In denying the petition and upholding the cease-and-desist order, the court emphasized that 14 CFR §91.315 prohibits the use of limited category aircraft such as the P-40N for carrying people or property for compensation or hire. The judgment (PDF) further stated that using the aircraft for paid flight training qualified as flight for compensation since, in the court’s opinion, “When a student is learning to fly in an airplane, the student is “carr[ied] … And when the student is paying for the instruction, the student is being carried ‘for compensation.’”
“AOPA is disappointed by this decision and its finding that when a flight student is paying for instruction, the student is being carried for compensation,” AOPA’s general counsel Justine Harrison said following the ruling. “This departs from the long-standing premise that the compensation a flight instructor receives for instruction is not compensation for piloting the aircraft, but rather is compensation for the instruction.”
“The judgment issued by the D.C. Circuit Court of Appeals on April 2, 2021 in Warbird Adventures, Inc. et al. v. Federal Aviation Administration has created significant confusion and concern in the aviation community regarding the impact of the decision on compensated flight training, in limited category aircraft and other categories of aircraft,” AOPA, EAA and GAMA wrote in the letter (PDF). “We therefore urge the FAA to expedite a direct and final statement of its position on the impact of the Court’s decision.”
As previously reported by AVweb, AOPA, EAA and GAMA, along with the National Association of Flight Instructors, the International Council of Air Shows and the North American Trainers Association, filed an amicus curiae (friend of the court) brief on the case last November. At the time of that filing, the organizations expressed concerns that broad language in the ruling could result in increased training restrictions, especially for owners of limited and experimental category aircraft. The FAA has not yet published a response to the letter, which was sent on April 19.
It’s hard enough for a pilot to figure out FAA legalese, but when a court of law is unable to, something is wrong!

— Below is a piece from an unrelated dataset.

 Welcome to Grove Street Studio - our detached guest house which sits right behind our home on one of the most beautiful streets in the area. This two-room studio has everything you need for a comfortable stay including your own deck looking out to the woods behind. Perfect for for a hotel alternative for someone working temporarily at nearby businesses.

If this ruling as written stands, it will quite quickly become a disaster for GA, this much is clear. However, a tiny minority have been abusing the status quo for a good long time. That is, giving sightseeing, selfie-rides and/or “adventures” to people who have no intention to learn or continue training as pilots (cheap “pilot logbook”, included). As is often the case, actions of a 1% cause big problems for the rest of us.
I do not see much potential impact to GA here. To the ability to operate special category aircraft like the P-40N mentioned here, yes. For these aircraft, I believe the PIC needs a letter of authorization, though I am not sure about the P-40 specifically. For aircraft that do require that, who is going to provide the instruction if they cannot be paid for it? It sounds like this interpretation would extend to instructing a new owner of one of these aircraft too since the instructor would be PIC.

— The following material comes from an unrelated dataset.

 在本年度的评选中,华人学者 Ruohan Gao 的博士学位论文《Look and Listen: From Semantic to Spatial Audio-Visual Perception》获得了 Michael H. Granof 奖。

Otherwise, I guess this might mean you cannot pay for training for a new type or category in the homebuilt you just bought, even if you have an examiner who is okay with it. This is not common anyway though.
I agree though that this likely came up because of the abuse you mentioned.
If this ruling causes paid flight instruction to fall under “carriage of passengers or property for hire”, then it falls under the requirements of Part 135, on-demand air carrier. To pick just one example, very few 1962 C-172 owners and their aircraft will be able to meet Part 135 standards in order to get flight instruction for a BFR or their kid’s private ticket. For rental fleets of most FBO’s, the situation is no different.
A giant can of worms has been opened, perhaps unintentionally, but opened nonetheless.
Yeah, except 119.1 (e) specifically excludes instruction from Part 135.
Indeed, a can of worms:
“When a student is learning to fly in an airplane, the student is “carr[ied] … And when the student is paying for the instruction, the student is being carried ‘for compensation.’”
So then, if you’re flying your personal airplane for training/BFR, and an instructor is on board, it’s now a commercial enterprise.
Not so. It has been ruled that an instructor gets paid for instruction, not for flying and therefore does not fall under “commercial enterprise”.
That’s the whole point of the article. The court is applying the law in a manner inconsistent with past interpretations.